Confusion about training time?

Question

Confusion about training time?

rightchose opened this issue 3 years ago · 7 comments

How long it takes to train the model one epoch?

Answer 1 · 2021-08-20T09:04:19.000Z

Thanks for your interest! It takes about 4 hours/epoch in the first stage and 2 hours/epoch in the third stage in our experimental environments.

Answer 2 · 2021-08-20T10:38:56.000Z

Thanks for your answer! But if the settting of epoch in first stage is set to 30(in paper) or 100(in code default), it may be too long. So in pratice, did you have some ways to reduce the time or quickly to get feedback?

Answer 3 · 2021-08-20T12:08:52.000Z

Thanks for your answer! But if the setting of epoch in first stage is set to 30(in paper) or 100(in code default), it may be too long. So in practice, did you have some ways to reduce the time or quickly to get feedback?

It is surely time consuming for training the full model with only 2x11G GPUs. For faster training, you could try larger batch size and tuning the learning rate hyper-parameters if more computational resources are available. In addition, strategies such as training smaller models (reduce the channel numbers to half) or training on smaller dataset (use a subset of the full dataset) are recommended.

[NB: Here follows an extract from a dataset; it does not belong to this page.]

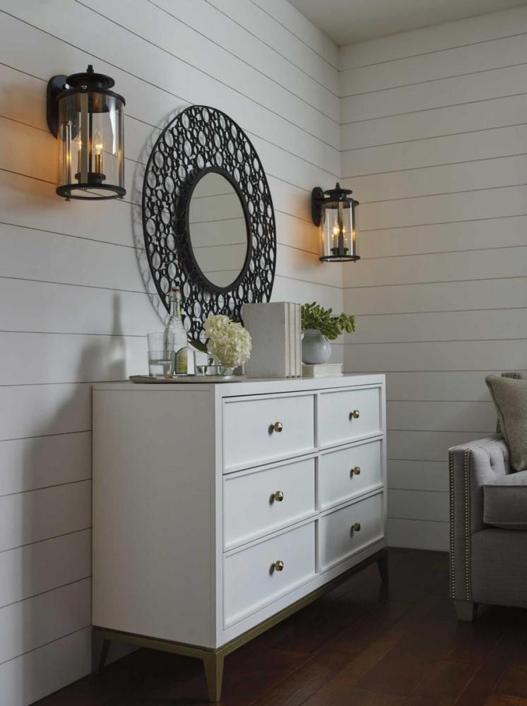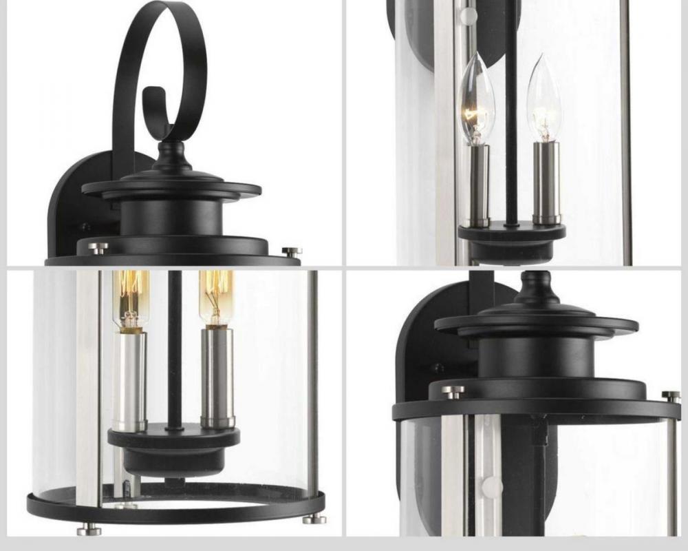 Profile features clean, modern metal fittings;Lantern is accented with contrasting metallic elements;A cylindrical frame is comprised of a clear glass diffuser;Black finish with Stainless Steel accents.

Answer 4 · 2021-08-20T13:33:56.000Z

Thanks a lot! I will try it.

Answer 5 · 2021-08-31T07:27:48.000Z

I'm now training the model in the stage 3, so I want to know in stage3 how many epoch you get the model convergent?

Answer 6 · 2021-08-31T07:51:59.000Z

You could refer to this question. If you are equipped with more computational resources, larger resolution cropping and larger batch sizes are strongly recommended to accelerate training. And the learning rate could be adjusted accordingly.

Answer 7 · 2021-08-31T12:14:00.000Z

Thanks！ I will try this solutions.